It's Ash Wednesday - So What's Burning?

 


Lent begins with Ash Wednesday.
“Remember that you are but dust and unto dust you shall return.”

The celebrant rubs ashes on our forehead and we are supposed to be reminded of our sins and that we will, like it or not, eventually die. With that in mind, we then enter into six weeks of reflection that’s often marked by giving something up, or sometimes taking up a new practice intended to bring us closer to God, and these are good things. Often, however, if we’re honest, it’s just another season in the church marked by different colors, different customs, different routines and not much else.

The dust thing is interesting, though. In this context, dust means two things. The first is the dirt that God took up to make the first human being. So dust means dirt, but here it also means ashes, the grit and fluff that's left over when something is burned. Here, what's burned is supposed to be us and the dust referred to is connected with feelings of disappointment or disillusionment and with the ancient practice of visible humility. Job threw ashes on himself when his family had all been struck down. It is a symbol of great mourning, often intensified by the wearing of sackcloth, an intentionally uncomfortable, scratchy garment made of goat’s hair supposed to remind the wearer of their sins. It was painful on purpose. Sackcloth and ashes. 
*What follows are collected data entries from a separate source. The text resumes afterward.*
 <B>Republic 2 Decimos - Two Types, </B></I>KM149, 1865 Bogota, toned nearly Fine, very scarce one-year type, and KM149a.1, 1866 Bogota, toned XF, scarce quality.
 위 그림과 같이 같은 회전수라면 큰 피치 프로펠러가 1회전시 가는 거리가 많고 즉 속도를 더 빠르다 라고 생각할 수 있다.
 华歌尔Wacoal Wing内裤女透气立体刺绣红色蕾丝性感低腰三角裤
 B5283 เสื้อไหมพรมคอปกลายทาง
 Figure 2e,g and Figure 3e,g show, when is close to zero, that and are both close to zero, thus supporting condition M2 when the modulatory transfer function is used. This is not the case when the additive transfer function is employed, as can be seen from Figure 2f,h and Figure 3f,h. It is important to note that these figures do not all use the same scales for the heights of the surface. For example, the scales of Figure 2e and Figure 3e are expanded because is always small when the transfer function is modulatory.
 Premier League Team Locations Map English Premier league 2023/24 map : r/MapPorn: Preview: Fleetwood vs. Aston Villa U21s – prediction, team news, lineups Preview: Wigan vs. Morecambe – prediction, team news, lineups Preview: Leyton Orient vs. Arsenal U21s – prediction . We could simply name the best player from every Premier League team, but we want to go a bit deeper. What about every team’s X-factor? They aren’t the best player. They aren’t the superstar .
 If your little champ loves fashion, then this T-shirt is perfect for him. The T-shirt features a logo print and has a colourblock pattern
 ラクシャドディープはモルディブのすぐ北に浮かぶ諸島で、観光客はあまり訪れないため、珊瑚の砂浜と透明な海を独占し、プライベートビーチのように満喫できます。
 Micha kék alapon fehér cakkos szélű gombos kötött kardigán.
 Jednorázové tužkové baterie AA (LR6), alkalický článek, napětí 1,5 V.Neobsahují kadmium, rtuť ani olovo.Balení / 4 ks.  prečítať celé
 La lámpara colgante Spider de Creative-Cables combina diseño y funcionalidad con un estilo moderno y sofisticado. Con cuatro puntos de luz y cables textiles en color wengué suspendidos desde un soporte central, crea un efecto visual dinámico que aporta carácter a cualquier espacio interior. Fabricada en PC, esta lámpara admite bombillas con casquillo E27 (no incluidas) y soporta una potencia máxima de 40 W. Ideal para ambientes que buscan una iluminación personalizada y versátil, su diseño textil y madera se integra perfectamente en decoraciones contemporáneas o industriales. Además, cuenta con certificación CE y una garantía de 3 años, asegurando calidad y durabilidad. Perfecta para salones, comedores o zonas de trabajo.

But there is another recurring theme in the Bible connected with this practice, the idea of dying, specifically dying to self. Burning is a particularly final way of ending something. What is burned is pretty much completely destroyed and along with our former sinful ways, we are encouraged to not only get rid of our wrongful deeds, we are supposed to get rid of everything - EVERYTHING - that separates us from God and, contrary to what some say, it's not only sin that does this.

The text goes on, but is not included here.